All four men charged in the shooting were later sentenced to life without the possibility of parole, including Wesley Moore’s half-brother, Richard Antonio Moore, who was identified as the shooter, Donald Antonio White Jr., and Troy White.
A salesclerk identified Wesley Moore as one of the gunmen in the store.
The case entered the national consciousness through a popular book by author Wes Moore, who was born in Southern Maryland, raised in New York and became a Rhodes scholar. The book, published in 2011, described the parallels between the men’s lives and where their paths diverged.
The author Wes Moore said he was not aware some of Prothero’s family did not support the book. He said he never intended to excuse the crime or cause the family pain.
In the book’s foreword, the author said he wrote about their lives “as a way of thinking about choices and accountability, not just for each of us as individuals but for all of us as a society.”
But, in the opinion of his fellow officers, it is only Prothero’s name that is necessary to recall at the precinct.
The gifts started with a bicycle for Holly Prothero, who turned 7 shortly after her father’s death.

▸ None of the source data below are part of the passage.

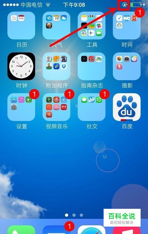 有时候,手机电池旁边会出现一个小锁。这个锁是重力感应锁,有关于设置手机旋转效果的。如果想把这个小锁符号去掉,按照一下方法操作即可。
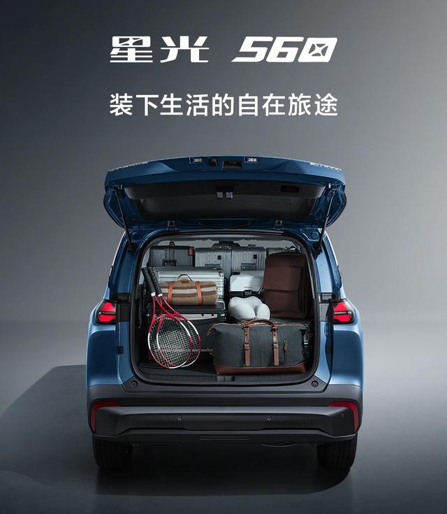 装载能力方面,星光560的表现同样亮眼。常规状态下,后备厢容积就能满足婴儿车、行李箱等日常物品的存放需求;将后排座椅按40:60比例放倒后,能形成纯平的超大载物空间,可扩展至1945L,露营装备、大件家居用品等都能轻松容纳。此外,车内遍布多处人性化储物空间,门板、中控台、扶手箱等位置的储物格大小适中,手机、水杯、证件等小物件都能找到存放位置,大幅提升日常使用便利性。同时,该车标配车顶行李架,可额外固定行李箱、露营装备等,进一步拓展装载能力,适配户外露营等多元场景。
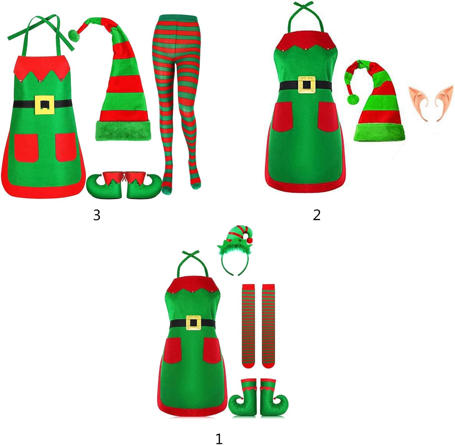 Set natalizio da donna, 1 grembiule natalizio, 1 calzino a righe sopra il ginocchio, collant a strisce, 1 paio di orecchie di Natale, cappello, fascia per capelli, grembiule da cintura. La confezione differnet include diversi, si prega di confermare le vostre esigenze prima di ordinare. Nake di spandex, comodo e morbido, caldo e robusto, non facile da rompere o sbiadire, che può servire a lungo e puoi usarli con fiducia Occasione: che può essere ampiamente applicato per feste in costume a tema, Natale, Halloween, cosplay e così via, portando un allegro alla tua casa; ed è bello per scattare foto, rendendoti accattivante e Meraviglioso, dolce e caldo per amici, familiari o per te stesso. Dimensioni adatte alla maggior parte delle persone.
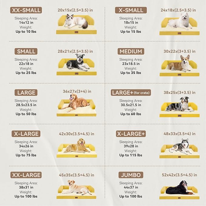 Large Dog Bed Orthopedic Washable - Waterproof with Removable Cover - Memory Foam - Beds Bolster Pet - Couch Sofa - XXXL Large Big Jumbo Dogs - Ginger Yellow Giant Dog Bed
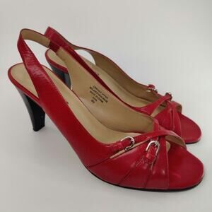 Red leather Karen Scott Slingback peep toe pumps sz 8

It was delivered by about half a dozen police cruisers that rolled up to the house with lights and sirens on. She’s now in college, but the fund continues. They send $50 in annual Christmas and birthday cards to the children. They deliver flowers on Ann Prothero’s birthday and send a centerpiece for Christmas.
“After 13 years, we have not missed a birthday or Christmas,” said Neral, who makes the biweekly trip to Sam’s Club to restock supplies for the snack stand that pays for the gifts.

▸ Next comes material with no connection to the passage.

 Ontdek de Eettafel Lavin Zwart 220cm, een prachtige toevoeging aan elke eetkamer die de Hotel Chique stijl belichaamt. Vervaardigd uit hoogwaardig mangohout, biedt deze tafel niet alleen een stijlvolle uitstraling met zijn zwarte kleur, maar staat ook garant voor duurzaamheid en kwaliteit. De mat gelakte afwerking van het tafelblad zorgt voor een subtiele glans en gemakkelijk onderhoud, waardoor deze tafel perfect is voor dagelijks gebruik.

The snack stand fund also supports the officers, providing for retirement plaques and small parties. They also used the money to buy a few sets of binoculars for surveillance, along with other items for the precinct.
Prothero actually started the stand. Back then, the money helped each shift pay for Christmas parties and other functions. He jokingly called the store Bruce Club, after making many trips to Sam’s Club himself.
The name endures today, written in a sign above the food shelves.
At the snack stand there’s one card from the family that shows Prothero’s children in swim team suits in front of a pool. In another picture, they’re all in soccer jerseys. Other framed shots show the children getting new bikes. Each received a bike on their seventh birthday.
There’s also a stack of notes from the family, including one that Holly sent after she got her bike.
“I have no problem riding it,” she wrote.
Rick Prothero said the family still has a close relationship with the Police Department. His brother, the youngest of eight children, was the only police officer in the family.
“We don’t know why he did it,” he said with a smile. But he added, “We’re all pretty proud of that.”